3.4. Recommendations on core outcome measurement instruments

Considering the Delphi process results, the Steering Committee discussed and formulated a set of recommendations on measurement instruments to be used in nsLBP clinical trials (Table 3). This includes ODI 2.1a and NRS to measure physical functioning and pain intensity, respectively. Given the concerns of Delphi participants and some committee members on the ODI 2.1a fees, the instrument's distributor was contacted to ask iwhether it was possible to eliminate or reduce the ODI 2.1a fee for funded academic research. Because this was not possible, the Steering Committee decided to also recommend the RMDQ-24 for physical functioning because it achieved the highest level of consensus among the free-to-use instruments (Fig. 2), but also because its measurement properties resemble those of ODI 2.1a in head-to-head comparisons studies.[17] Despite a similar level of endorsement and measurement properties, the QBPDS was not recommended because of the same fee issue as the ODI 2.1a and also to limit the number of instruments for a single core domain.
Table 3

Core outcome measurement instruments for clinical trials in nonspecific low back pain.

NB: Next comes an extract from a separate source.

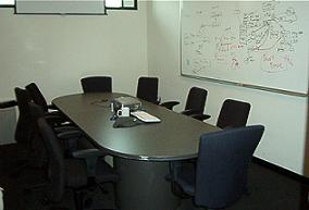 "Wilshire Room," company in Playa Vista May 26, 2006.
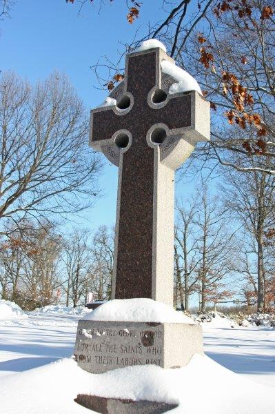 Celtic cross with inscription on bright winter day

Core outcome measurement instruments for clinical trials in nonspecific low back pain. The NRS with a 1-week recall period (Appendix 1, available online as supplemental digital content at http://links.lww.com/PAIN/A511) should be used to measure pain intensity in nsLBP trials. Because it is a free tool that obtained ample consensus in the Delphi, the Steering Committee does not recommend another instrument for pain intensity. However, researchers should note the limitations in its use for acute nsLBP trials when participants may have had pain for less than 1 week at baseline.[41,110] In these trials, the addition of an NRS with a 24-hour recall period is suggested. Despite the lack of a consensus for measuring HRQoL, to reduce measurement variability for this domain, we recommend the use of the SF12 as it was closest to a consensus (Fig. 4), but because it is not free of charge, the PROMIS-GH-10 is also recommended (Table 3). Both PROMs provide a physical and a mental summary score (Table 1), which allows pooling of their results in meta-analysis. The SF36 is not recommended because of its length. The EQ-5D is not recommended because of its cost; it results in a utility index, which is not possible to pool with data from other instruments and its content is strongly redundant given the domains physical functioning and pain intensity. However, the Steering Committee suggests inclusion of the EQ-5D (preferably EQ-5D-5L version[55,65]) in nsLBP clinical trials if there is an economic evaluation. No specific recommendations regarding time frames of outcome assessment and reporting of adverse events are made in line with the NIH Task Force Report for chronic LBP suggestion.[31] Time frames should match the specific goals and feasibility of each clinical trial. Potential adverse events should preferably be specified before the start of a clinical trial and measured prospectively. The Steering Committee suggests the use of previous consensus-based recommendations for reporting of outcome results[43] and for interpreting change scores on core instruments.[35,86]

4. Discussion

This study formulates recommendations on core outcome measurement instruments for use in nsLBP trials (Table 3). They comprise the ODI 2.1a or RMDQ-24 for physical functioning, NRS with a 1-week recall period for pain intensity, and SF12 or PROMIS-GH-10 for HRQoL. In addition, a simple statement reporting whether any death occurred in a clinical trial is recommended.[16] These recommendations update the previous LBP outcome recommendations of Deyo et al.[30] and Bombardier.[8] This COS applies to both acute and chronic nsLBP, and in the latter group, it complements the baseline research standards recommended by the NIH Task Force Report.[31]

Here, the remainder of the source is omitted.